Health and Care for Dependent Persons. An Economic Perspective at the Start of the SAAD

Juan Oliva y Ana Tur Prats

SUMMARY

At the beginning of the new century, Spain had low levels of social expenditure associated to long-term care in comparison with other European countries. The family institution was still playing a prevailing role as the main protection network to satisfy the needs of dependent people, whilst the character of the public action was subsidiary at the time. The demographic projections (population aging), along with the social changes that took place in the last decades (familiy size reduction, women’s increasing participation in the labour market…) seriously threatened the future sustainability of this system from a few decades perspective.

In this context, by the end of 2006, the Act on the Promotion of Personal Autonomy and Care for Dependent Persons, that involves the creation of the System for Autonomy and Attention to Dependence (SAAD) was approved in Spain. This new model of caring for dependent people, which is universalist and decentralized, involves different types of benefits, both economic and in-kind, and is foreseen to be completely established in 2015.

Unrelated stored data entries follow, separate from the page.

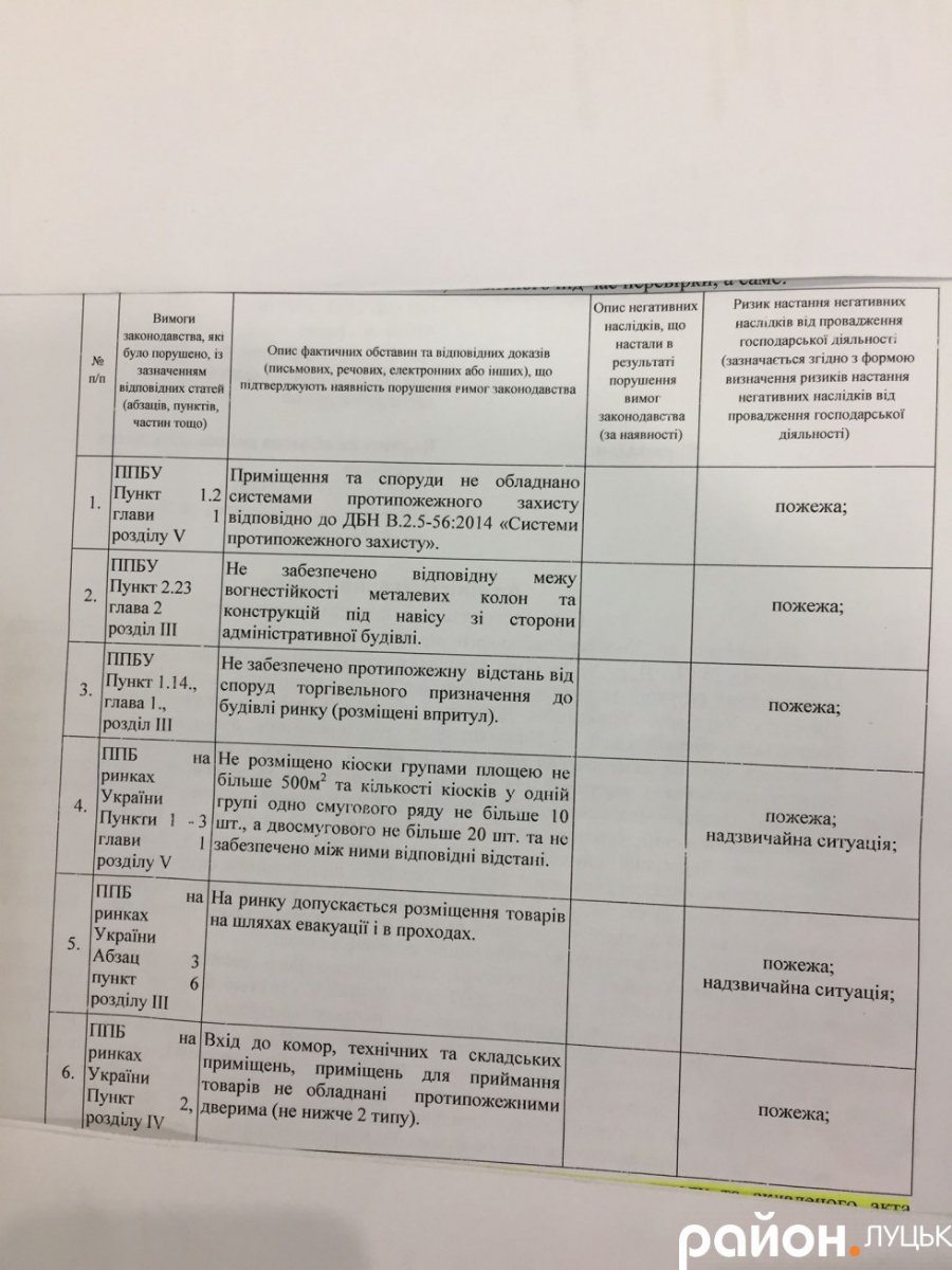 Перший заступник голови правління Волинської обласної спілки споживчих товариств Володимир Горгут зазначив, що управління ДСНС визначили шість позицій щодо функціонування ринку, котрими вони незадоволені і через які хочуть припинити експлуатацію ринку.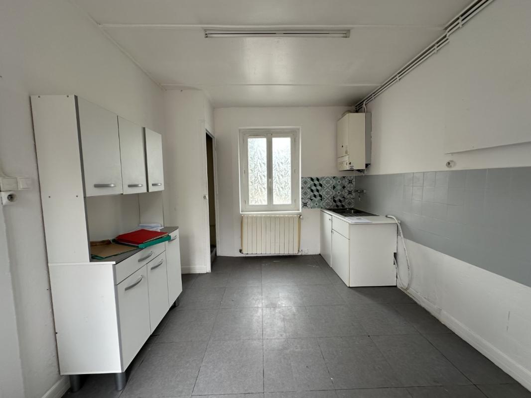 Maison composée au rez-de-chaussée d'une entrée donnant sur cuisine, un salon, un séjour. A l'étage, deux chambres, une salle de bains avec wc.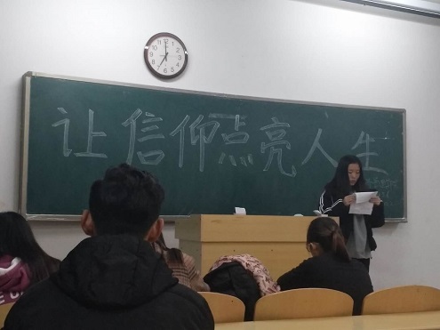 本次班会以“让信仰点亮人生”为题。班主任首先就社会主义核心价值观的丰富内涵作了详细介绍,充分解说了培育和践行社会主义核心价值观的重要意义。随后,同学们主要围绕社会主义核心价值观体系,开展了演讲、讨论交流等多种形式的活动,展现了良好的精神风貌,许多人都分享了自己对社会主义核心价值观的理解,表达了坚守社会主义核心价值观的信念。同学们纷纷表示,在日常生活中自觉接受、践行社会主义核心价值观,使社会主义核心价值观成为自己的基本遵循,形成自觉奉行的信念理念,争做文明守纪好员工,用实际行动来体现社会主义核心价值观。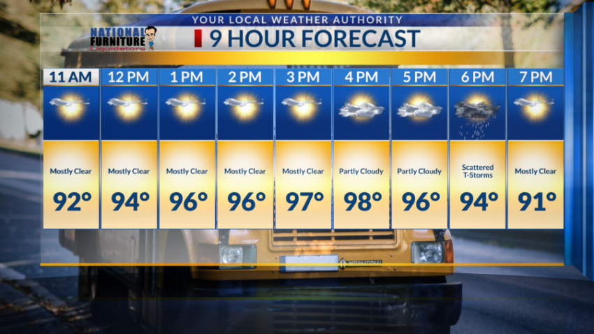 Tonight, temperatures will slightly drop in the upper-70s with winds shifting southwest. Although we are not looking triple digits today expect them to linger tomorrow and this weekend. Stay hydrated and dress accordingly to the hot temperatures.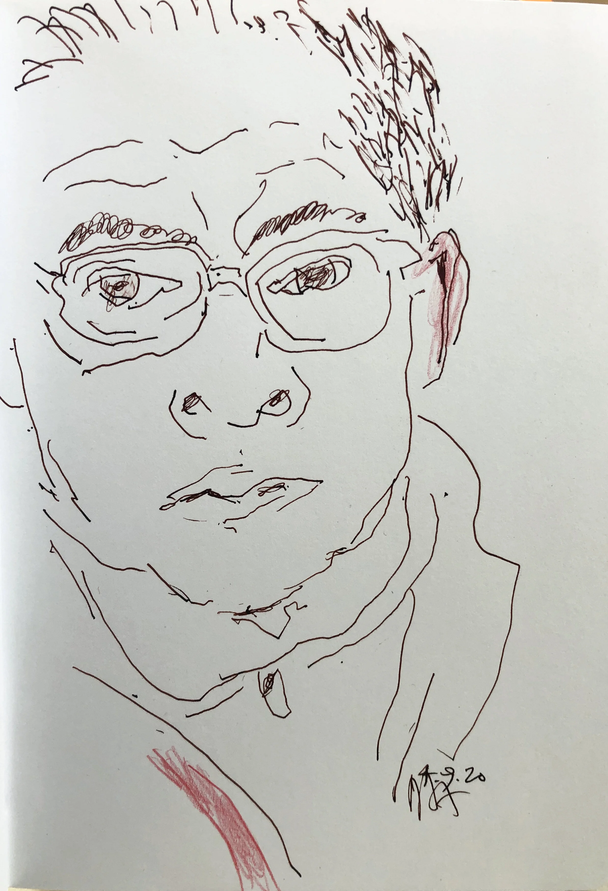 8:19 AM: this morning first thing i made a new self portrait, this one in ink, which i sent to manio & philip in athens. yesterday afternoon i brought watercolor 14 over to the house for evaluation. it passed with flying colors. here she is in our entryway. she’ll return to the studio in a few hours, where she’ll join her brothers & sisters on my east wall. the racket you see in the foreground is called the executioner, and is a very effective way of dealing with flies & mosquitoes. press the little button, swipe at one of them, and zap, it’s over!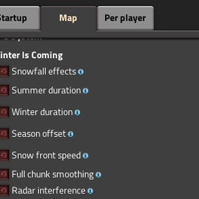- Incremental snow front simulation: freezing and thawing advance in controlled strips/chunks, so work is spread over time instead of hitting the whole map at once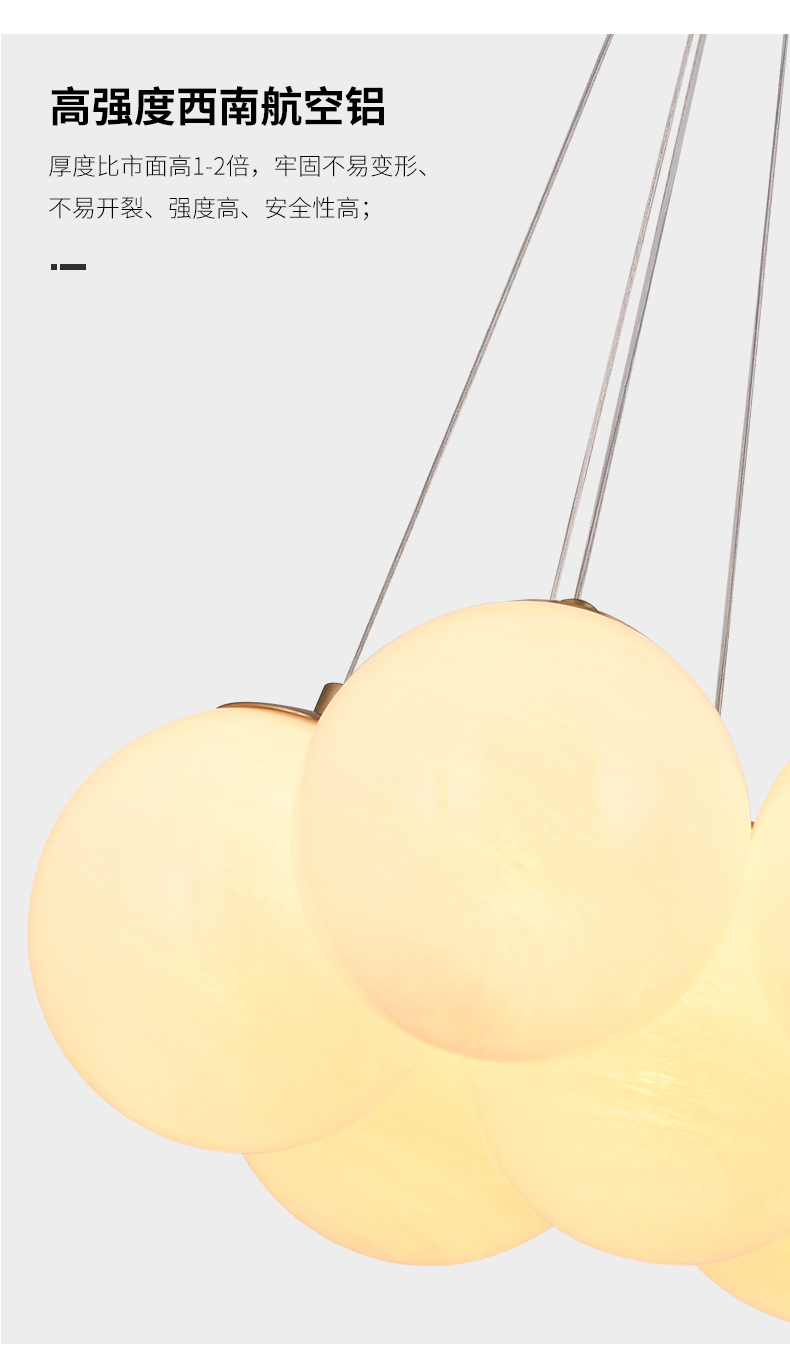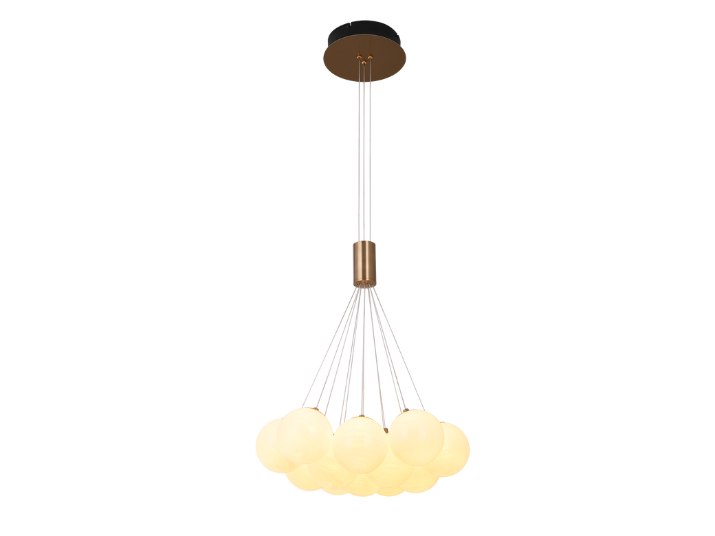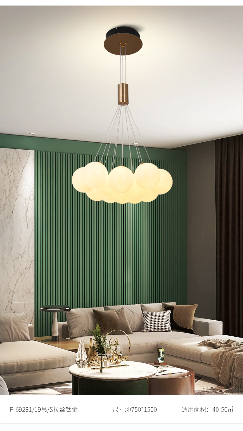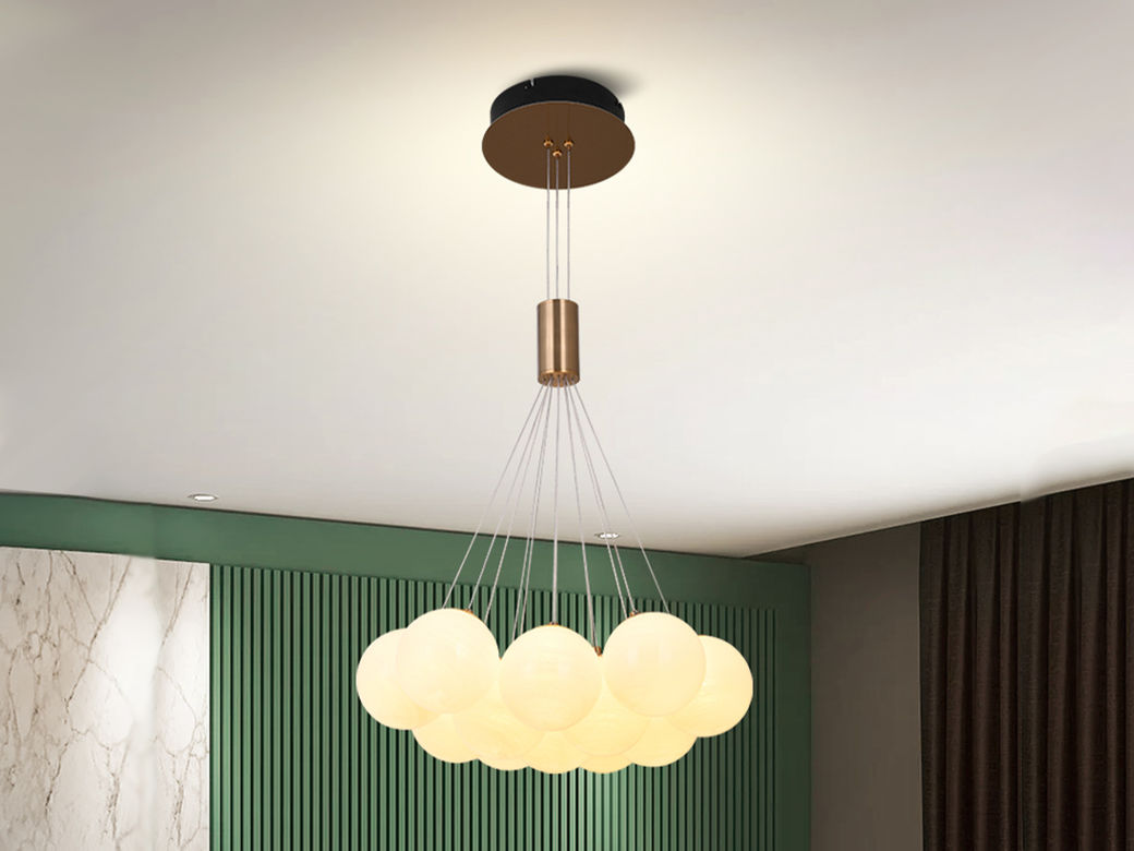 宏光灯饰 极简 冷扎钢板+玻璃球 LED 108W 3000K S拉丝钛金色 12头吊灯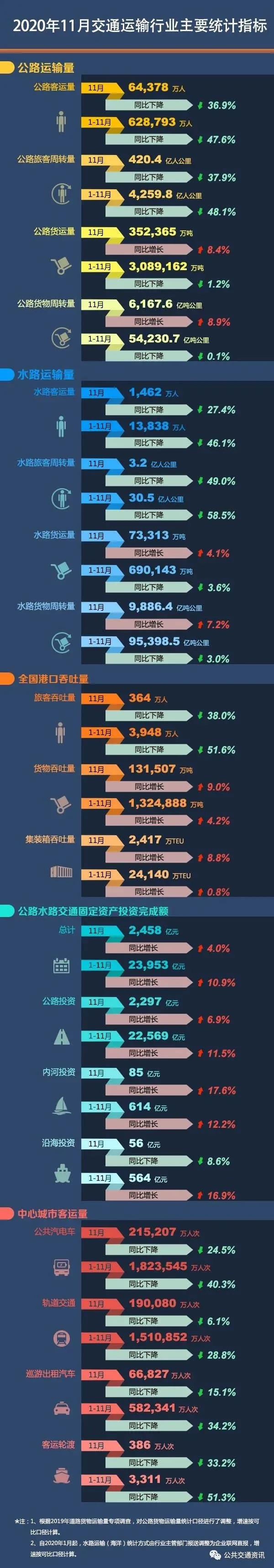 公共汽電車:11月客運量215,207萬人次,同比下降24.5%;1~11月客運量1,823,545萬人次,同比下降40.3%。

This paper aims at taking a closer look at the situation of the assistance to dependent people in Spain and at exposing the key features to understand the possible evolution of the new system from an economic perspective. So then, following an introduction on the concepts of disability and dependence, the question if older people in the future will be more or less healthy than our older contemporaries today is undertaken. This is a key point to understand the future evolution of the above mentioned assistance system. After this, we go on to describe the fundamental characteristics of the systems that provide assistance to dependent people in different countries, with special emphasis on the Spanish formal and informal care networks prior to the creation of the SAAD. Then, we focus on the description of the main characteristics of the SAAD, drawing attention to the conditions that would allow the system to be financially sustainable. The end of the article introduces a series of conclusions and reflections on the possibilities that the cooperation and the coordination among different actors of the system offer, and claims this to be a necessary though maybe not a sufficient condition to reach the sustainability of a system that is to be born in a complex context and that should undertake important future challenges.